Happy birthday to the American Library Association! The world’s oldest and largest library-related organization is turning 150 this year, and as I get ready to attend the ALA’s annual meeting—held June 25-30 in Chicago—I’m in a festive mood. To kick off the celebration, here are a few recent and forthcoming kids’ books that remind us why libraries are so special.
Who better to fete these institutions than children’s librarian Mychal Threets? Threets went viral in 2023 for TikTok videos extolling what he calls “library joy”; he’s now PBS’s resident librarian and the host of a Reading Rainbow reboot. With his debut picture book, I’m So Happy You’re Here: A Celebration of Library Joy (Random House, Feb. 3), he continues to spread the good word. Lorraine Nam’s illustrations depict an inviting community space, while Threets’ upbeat text has the same welcoming tone as his videos: “You belong here just as you are. The library is always here for you. Today, tomorrow—anytime you’re ready for a library day!”

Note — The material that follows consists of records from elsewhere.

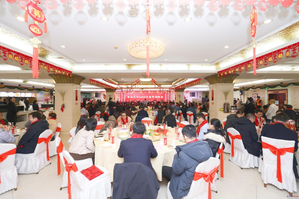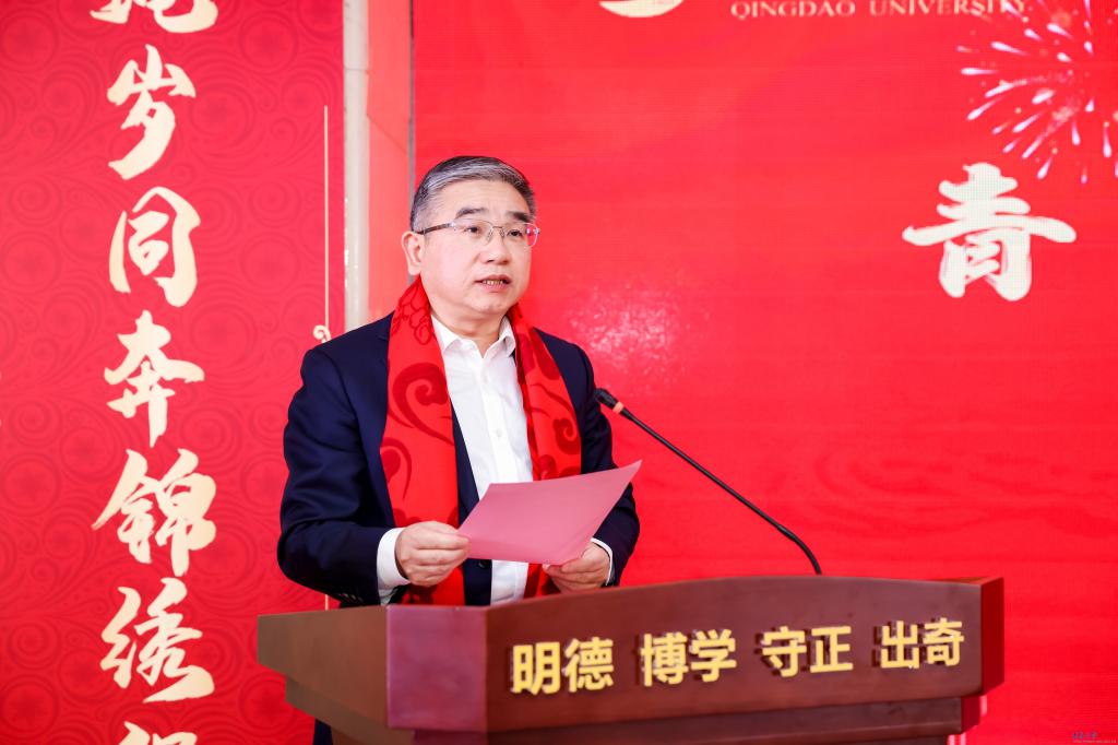 校党委书记胡金焱致新春贺词。他指出,2024年学校深入贯彻落实党的二十大和二十届二中、三中全会精神,全面落实教育强国和教育强省战略,聚力转型发展、创新发展、突破发展,继往开来,积厚成势,在高质量发展的道路上奋勇前进。他全面总结了学校过去一年在学科建设、人才培养、科学研究、社会服务、文化传承创新、国际交流合作等方面取得的成绩,通报了学校事业发展取得的标志性突破性成果。胡金焱表示,这一系列办学成绩的取得,离不开每一位青大人的倾情投入、接续奋斗,他代表学校向一年来辛勤工作在教学、科研和服务等各条战线上的广大教职员工表示衷心的感谢,向关心学校发展并为学校事业不断做出新贡献的老领导、老同志、老专家致以崇高的敬意和新春的祝福。胡金焱强调,2025年是学校全面落实第四次党代会精神的重要一年,是实现“十四五”规划目标任务的收官之年,也是全面提升办学能力、加快推进“双一流”建设的关键一年。学校上下要锚定目标、坚定信心,以敢打必胜的勇气、久久为功的韧劲,践行青大人的使命担当,奋力开创高水平综合性研究型大学建设新局面。
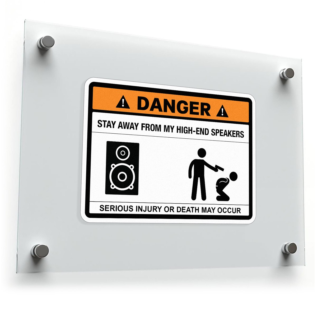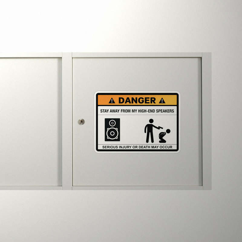 Danger Sign Decal ⚠️ Humorous Danger Warning: Protect your high-end speakers with a touch of humor! This funny “Stay Away from My High-End Speakers” decal adds a lighthearted yet bold warning to any space. ⚠️
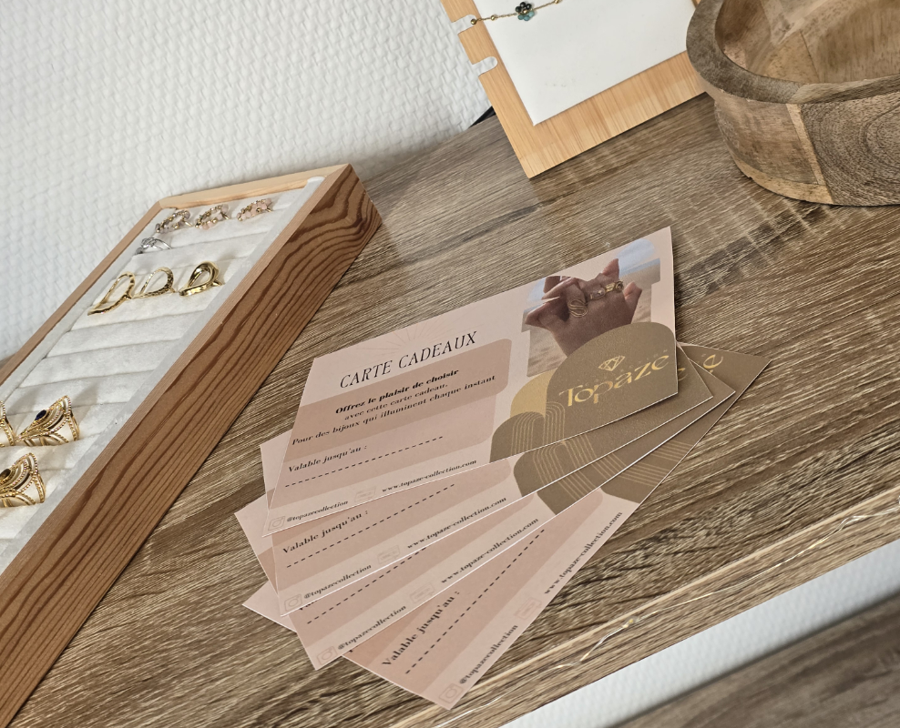 Offrez à vos proches la liberté de choisir parmi notre vaste collection de bijoux en acier inoxydable. Que ce soit pour un anniversaire, une occasion spéciale ou simplement pour montrer votre affection; notre carte-cadeau personnalisable permet à chacun de trouver le bijou qui lui correspond parfaitement.

That’s a message kids can’t hear often enough. Rob Sanders’ A Family of Readers, illustrated by Gabbie Benda (Charlesbridge, Jan. 20), follows two parents and their children as they spend a day at the public library. As in Threets’ title, this building is a vibrant, bustling place (no sternly shushing librarians here): Performers act out a story for a group of exuberant toddlers; STEM-minded preteens hold a robot battle. Sharp-eyed readers will spot an overalls-clad child in the background, quietly looking on before finally picking up a book at day’s end. Here, young people have the freedom to enjoy the library on their own terms—perhaps the best part of this space.

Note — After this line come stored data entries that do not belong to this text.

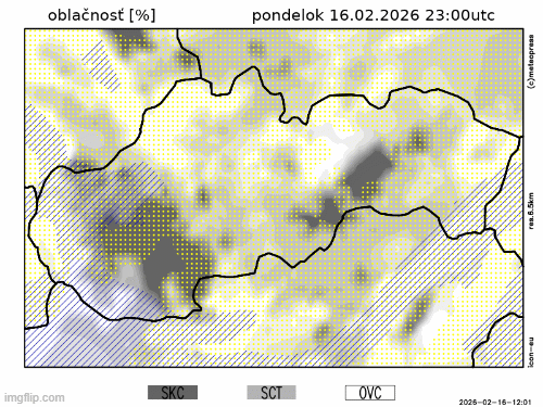 Víkend začne zmenšenou oblačnosťou a chladným ránom. V sobotu ráno by mohlo byť v niektorých dolinách a kotlinách pri vyjasnení a utíšení severného vetra -15 až -20 °C. Inak bude teplota klesať zväčša na -7 až -13, iba lokálne bude vplyvom vetra a oblačnosti teplejšie. V poradí druhé víkendové ráno by už malo byť podstatne teplejšie, aj keď naďalej mrazivé. Pomôže tomu ďalšia oblačnosť a teplejšie prúdenie. Najmä v nedeľu sa opäť očakáva miestami sneženie alebo dážď so snehom, v nížinách neskôr aj dážď. Na západe by sa mohlo v nedeľu otepliť aj na okolo 6 °C.
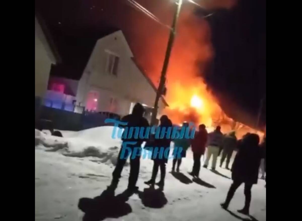Сильный пожар случился сегодня вечером, 5 марта, в Брянском районе Брянской области. Видео с места происшествия опубликовали в соцсети ВКонтакте в группе Типичный Брянск.
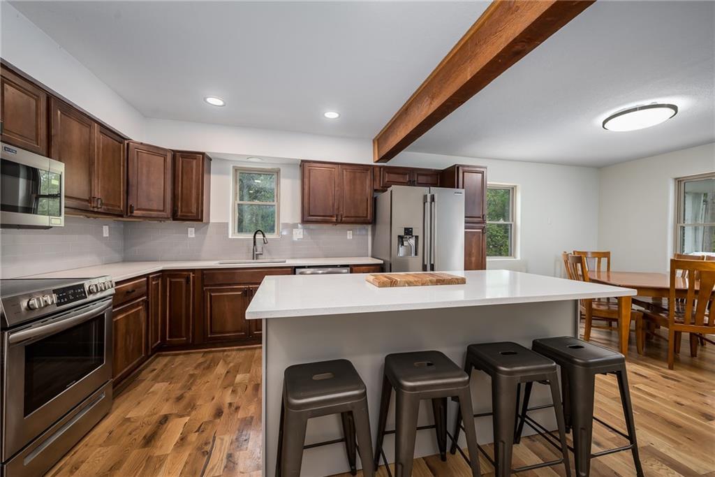Back on the Market w/ a NEW wider driveway! UPDATED 2 STORY HOME ON 1.2 acres WITH an OUTBUILDING! Sit on the front porch in the morning with a cup of coffee and enjoy the peace and quiet before starting your day! This wonderful country home features 5 bedrooms, 3 and a half bathrooms with recent updates to include: added kitchen island w/quartz counters throughout kitchen, HARDWOOD floors added throughout the main level, main level 1/2 bath laundry reconfiguration, 4th bedroom added to 2nd floor, remodeled/configured hall bath on 2nd floor, Primary Bath added to Primary Suite and MORE! Don't let the 1 car garage fool you- there is just as much space as a 2 car garage! The home was completely remodeled 5 years ago!

Indeed, libraries are pure magic—something history’s most renowned illusionist knew well. In her picture-book biography Houdini’s Library: How Books Created the World’s Greatest Magician (Knopf, Feb. 17), Barb Rosenstock explains how a book by Jean Robert-Houdin on sleight of hand inspired young Erik Weisz to take up magic and adopt the stage name Harry Houdini. Books helped him cultivate his skills, and as his wealth and fame grew, so did his literary collection; he filled his Harlem brownstone with titles on magic and spiritualism. Accompanying Rosenstock’s narrative are Mar Delmar’s spellbinding three-dimensional dioramas, infused with movement and light. Houdini made headlines as an escape artist, but the books he adored take center stage here. Readers will emerge wowed by the power of libraries and literature to shape lives.
Julie Abe is another author well acquainted with the wonder of libraries. Her middle-grade fantasy novel The Magic Library of Waterfall Way (Bloomsbury, Aug. 25) follows a young orphan named Lyra Hunt, deemed “Extremely Unremarkable” in a world where everyone is assigned to a guild according to rank. None of them will take Lyra except the Guild of Scholars—and only if she recovers a crystal that disappeared from its library following a fire. Abe’s descriptions of the cavernous library are a book lover’s delight; she dubs the library a “beacon of knowledge” in a land dominated by propaganda—commentary as relevant to our world as to Lyra’s.
Mahnaz Dar is a young readers’ editor.